Further examination of the experimental data indicated that integrating the LPAN module enhanced the model’s performance on mAP@.5(%) and mAP@.5:.95(%)by 8.4% and 13.7%, respectively. It is worth noting that although the introduction of the LPAN module did not change the parameters of the model, it slightly increased the computational complexity of the model while keeping the number of model parameters unchanged, due to its introduction of hopping connections and feature reuse mechanisms in the network structure. It was a minor expense that was exchanged for a significant improvement in model performance.

In the YOLOv5 model, we introduced the CBAM module to process the feature maps to achieve adaptive feature refinement. The CBAM module computes the 1D channel and 2D spatial attention maps sequentially and then multiplies them with the input feature maps, which enhances the depiction of characteristics of obstructed targets on the maps and suppresses the expression of the irrelevant features, thus improving the precision of the model detection. From the results, it can be seen that this module improves the mAP@.5 (%), mAP@.5:.95 (%) metrics by 10% and 16%, respectively, which reduces the model’s parameter amount by 13.5% and the computational complexity by 2.1 G.
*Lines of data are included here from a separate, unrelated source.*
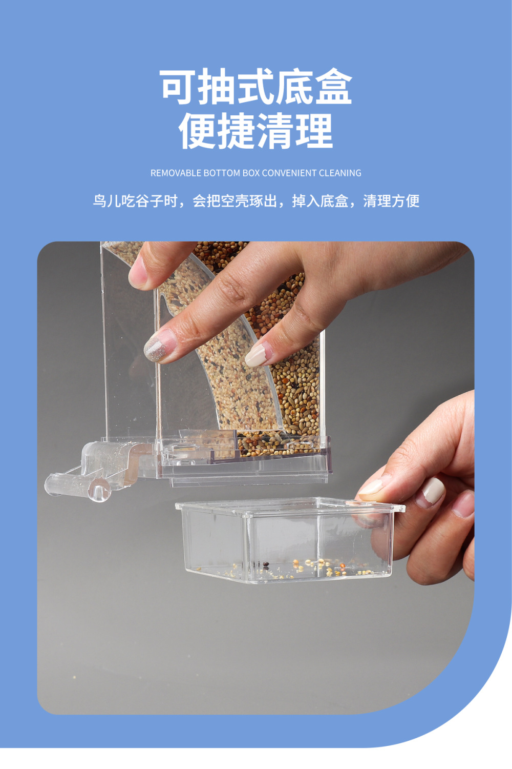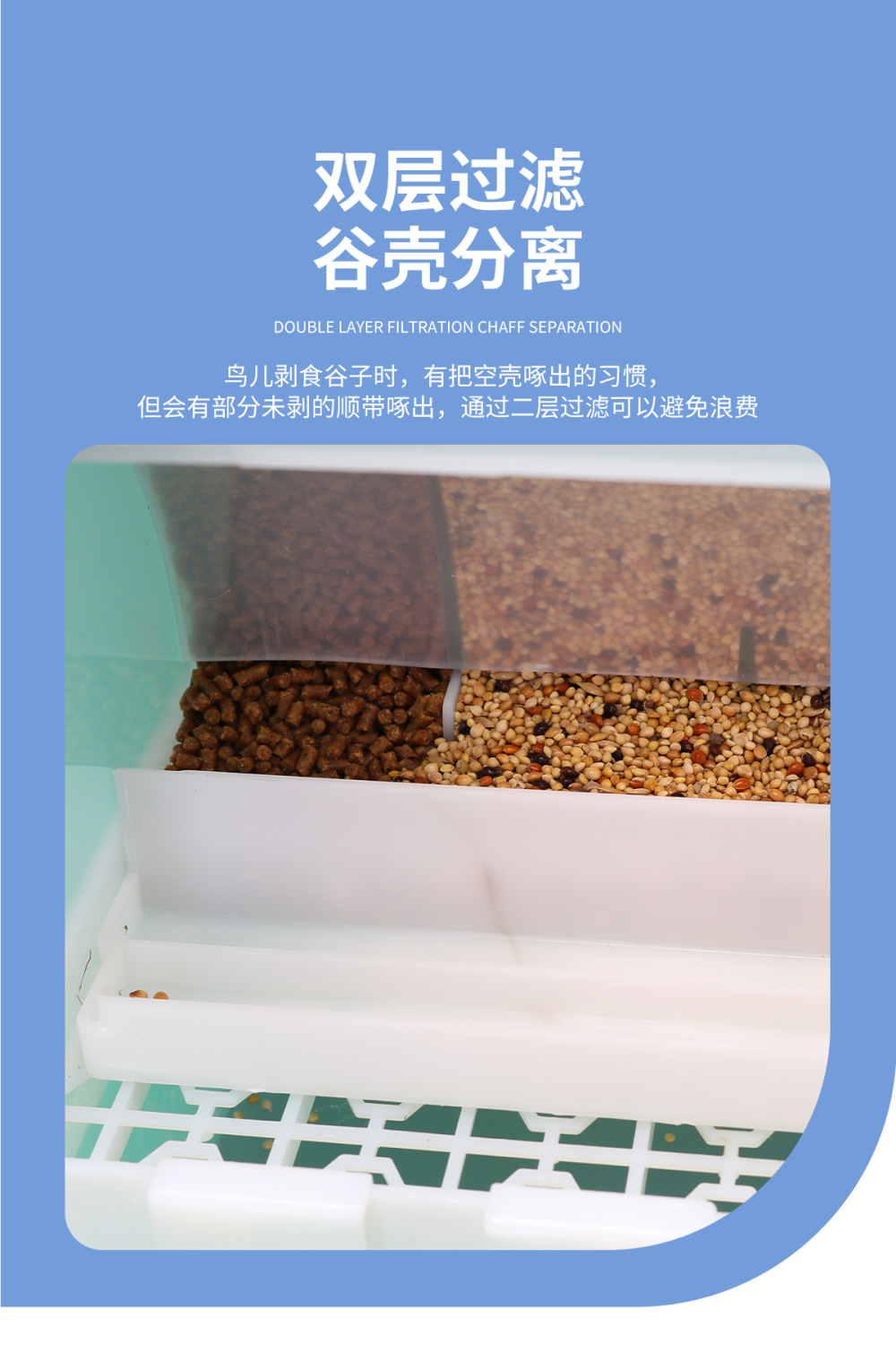 鸟食盒鹦鹉喂食器自动下料器谷壳分离鸟笼防溅撒八哥玄凤专用悬挂
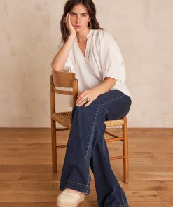 Prune is 1m70 tall and wears size 34. With the SACHA blouse, the model wears LUNA jeans and MARINA espadrilles.
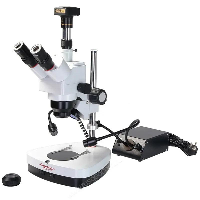 Панкратический объектив микроскопа обеспечивает плавное изменение увеличения. Общее увеличение микроскопа в комплекте с насадками - от 5 до 60 крат. Окуляры имеют широкое поле зрения - 23 мм.

In order to provide the network with better performance in small target detection tasks, we added the L2 detection head to YOLOv5 for related experiments. The results showed that the separate introduction of the module traded off a 10.9% and 18.5% improvement in the mAP@.5 (%) vs. mAP@.5:.95 (%) metrics, respectively, at a cost of a 5.5% increase in the parametric count of the model and an 8.49 G rise in arithmetic complexity. Although the introduction of the small target detection layer increased the depth of the network increasing the number of network parameters and computational complexity, the method passed more shallow features to deeper features, and improved the ability of the network to learn multi-level feature information of the target, so that the network could detect the smallest target with a resolution of 160 × 160, which could re-detect a large number of the small targets that were originally missed, and effectively improve the target missing detection situation.

Finally, the

L_{a s p}

in EIOU_loss directly minimized the difference between the width and height of the predicted frame and the true frame, resulting in faster convergence, greatly alleviating the problem of positive and negative sample imbalance in the CIOU, and, thus, without altering the model parameters and arithmetic complexity, led to a 3.8% increase in mAP@.5 (%) and a 7.4% increase in mAP@.5:.95 (%), while also enhancing the precision of regression.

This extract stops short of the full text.